The first iteration provides a skeleton for the rest of the implementation, and it helps address high risks in the project. The team is free to completely change the structure around later, but the first iteration provides a starting point.
Other Iterations
Use however many story points the team finished in the last iteration as the estimate for how many points will be done in the next iteration. (This is called the “Yesterday’s Weather” rule: the best predictor for today’s weather was yesterday’s weather.)
For example:
Expected Velocity | Actual Velocity | Accumulated Points |
Projected in 3 Iterations |
|
---|---|---|---|---|
Iteration 1 | 40 | 20 | 20 | 60 |
Iteration 2 | 20 | 40 | 60 | 100 |
Iteration 3 | 40 | 40 | 100 | 100 |
The velocity may bounce around some at first, but it usually stabilizes.
Notice that in the release plan we originally expected to get 120 points in 3 iterations, but we only completed 100 points worth. And at the end of the first iteration, it looked even bleaker. This is a place where the customer’s involvement is crucial: the customer can split or simplify stories, move the end date, ask for more people, cancel the project, or do whatever they need to do given the status of the project.
How does a team increase its velocity? If a team feels they’re on track to finish early, they’ll ask for more work in the middle of the iteration.
Iteration Planning
Going a level deeper, XP uses a similar process for deciding what to do in an iteration.
- The customer selects stories for the iteration. (This is subject to “Yesterday’s Weather” – scheduling only as many hours as were completed in the previous iteration.)
- The team discusses each selected story, and brainstorms tasks that would implement them.
- Team members accept and estimate tasks.
- The team adjusts and balances the tasks to make sure they fit into the iteration.
The tasks for an iteration are in the development team’s purview. It’s typical for the customer to be present during this planning, as there will often be questions. These are the two most common approaches to task estimation:
- No estimates on tasks: the team eyeballs the tasks to make sure none look too large (e.g., not bigger than half a day’s work)
- Hour-based absolute estimates: the number of pair-hours a task is expected to take.
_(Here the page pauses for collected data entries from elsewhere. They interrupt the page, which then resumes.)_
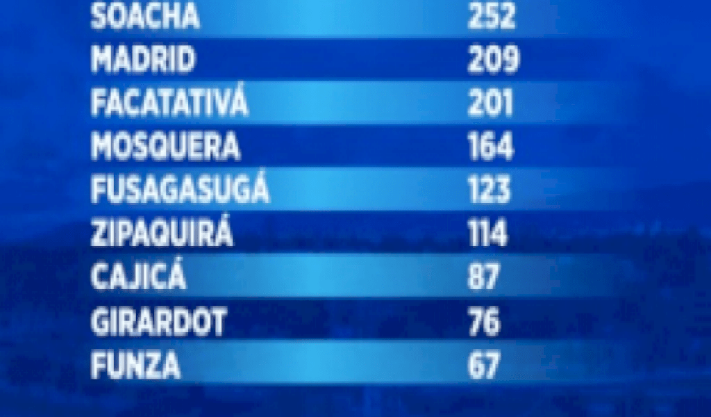 Se trata de Soacha, Mosquera, Madrid, Facatativá, Funza, Fusagasugá, Girardot, Cajicá y Zipaquirá.
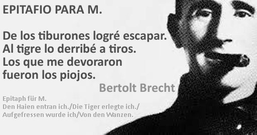 Cadencias y ritmos singulares atraviesan toda la obra de Brecht. El autor teatral consagrado jamás renunciaba a la poesía. Tal vez la más conocida de sus canciones, Die Moritat von Mackie Messer, de La ópera de dos centavos, podría evocar en los amantes del teatro momentos que recrearon más tarde músicos de primer nivel en sus interpretaciones de Mack The Knife.
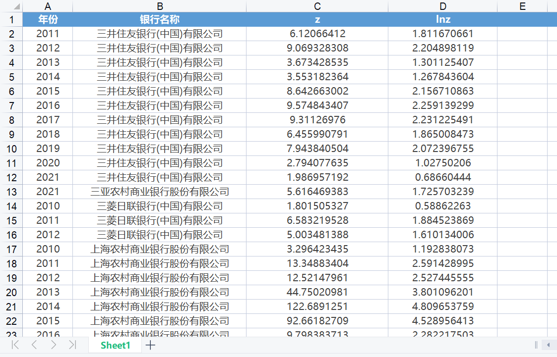 该数据为2011年至2021年国有、股份制、农商行上市非上市银行风险承担Z值数据,原始数据来自银行年报以及各大数据库整

Some teams try to estimate individual programmers’ velocities; more common is to use an estimate for the team as a whole.
The iteration planning is usually done the first morning of an iteration.
The iteration plan will often change during an iteration as a team learns about tasks they missed, or come up with a better or different way to do things.
What’s Interesting About XP’s Planning Processes?
- Extremely short cycles.
- Use of conversations and tests about stories rather than documents.
- Use of estimates, velocity, and fixed-length iterations.
- “Yesterday’s Weather” rule adjusting estimates every couple weeks.
- First iteration as a backbone for the implementation and a driver of risk identification.
- Commitment to flexibility, e.g., minimizing dependencies so stories can be implemented in arbitrary order.
Resources
- Planning Extreme Programming by Kent Beck and Martin Fowler. A full explanation of XP-style planning.
- Extreme Programming Explained: Embrace Change, 2/e, by Kent Beck and Cynthia Andres. An introduction to XP.
- “Story Time: Release Planning” (chapter 7 of Extreme Programming Explored, by Bill Wake.) Discussion of planning as a game, and more on the customer’s role.
- Extreme Programming Installed, by Ron Jeffries et al. Overview of XP (including planning) from the original XP team.
[Written Nov. 5, 2001. Updated Feb. 27, 2002 due to feedback from Kurt Keutzer and Ivan Tomek. Minor revisions May 27, 2006.]